Out of memory mid-generation on a hard problem

Qwen3-14B's thinking mode emits a <think>...</think> chain-of-thought that routinely runs 2k–4k tokens (longer on hard math / coding), and the KV cache grows linearly with every token. At 24 GB with a Q4_K_M/Q5_K_M quant this is rarely fatal, but a very long reasoning turn at extended context can still bite. Mitigations, in order: (1) cap the context with --ctx-size 16384 (shown in the Installation commands); (2) quantize the KV cache with --cache-type-k q8_0 --cache-type-v q8_0 --flash-attn in llama.cpp to roughly halve its memory; (3) send /no_think to skip the chain-of-thought for turns that don't need it. Watch rocm-smi during a hard problem to calibrate the actual peak.

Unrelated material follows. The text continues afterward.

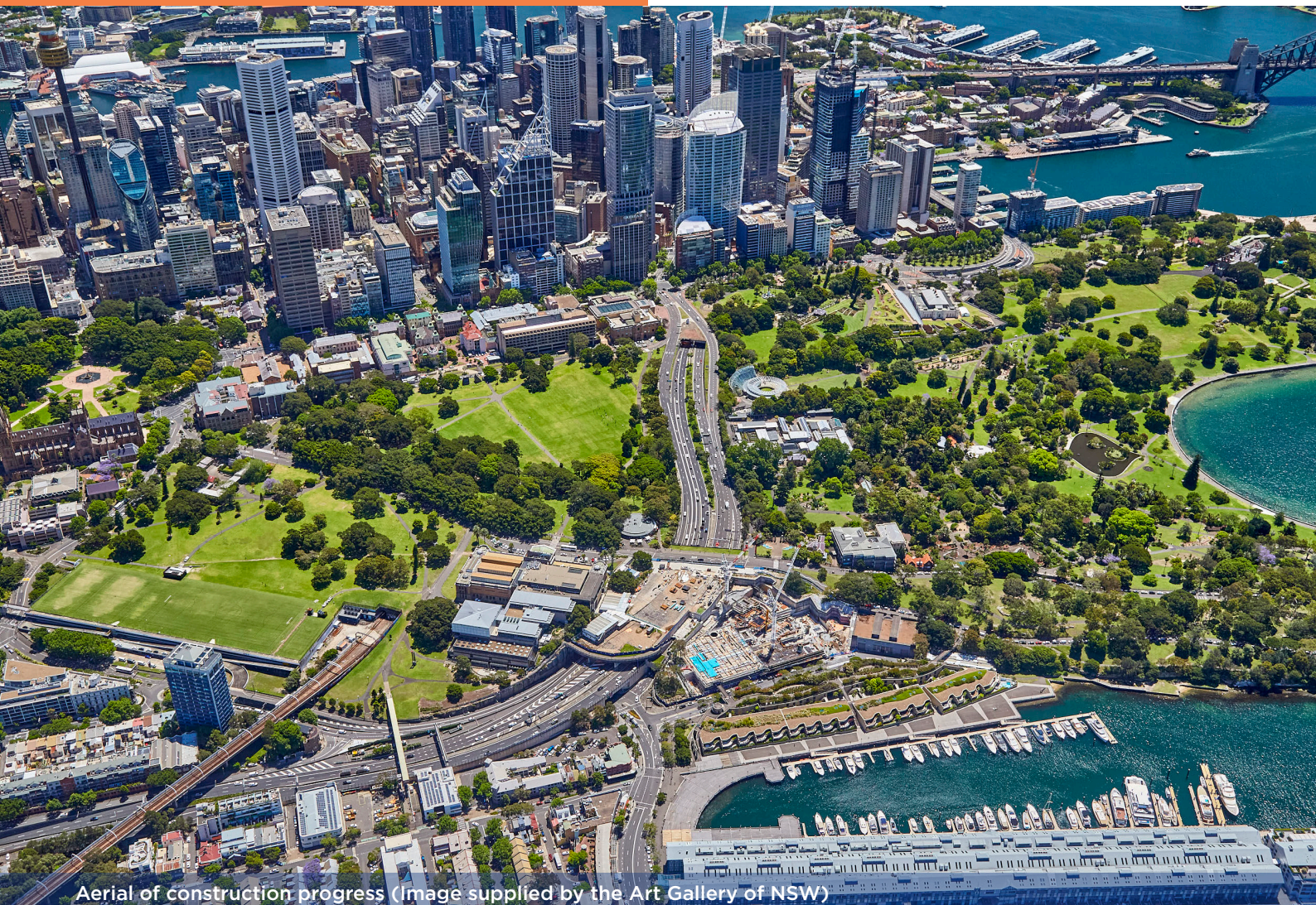
Aerial of construction progress

Stay in touch with the latest developments on the Sydney Modern Project by registering for the e-News via our project website at artgallery.nsw.gov.au/smp/faq

`<think>...</think>` output is bloating responses

Qwen3 enables thinking mode by default per the HF card. Send /no_think at the start of any user message to disable it for that turn, or pass enable_thinking=False if you're calling the chat-template API directly.

Generation slows dramatically past 32k context

32k is Qwen3-14B's native context window per the HF card ("Context Length: 32,768 natively and 131,072 tokens with YaRN"). Beyond that the model needs YaRN extension — supported in llama.cpp, vLLM, and SGLang per the unsloth GGUF instructions — but quality degrades on short prompts and the KV cache balloons. For long-doc workflows, prefer chunking + retrieval over pushing context past 32k.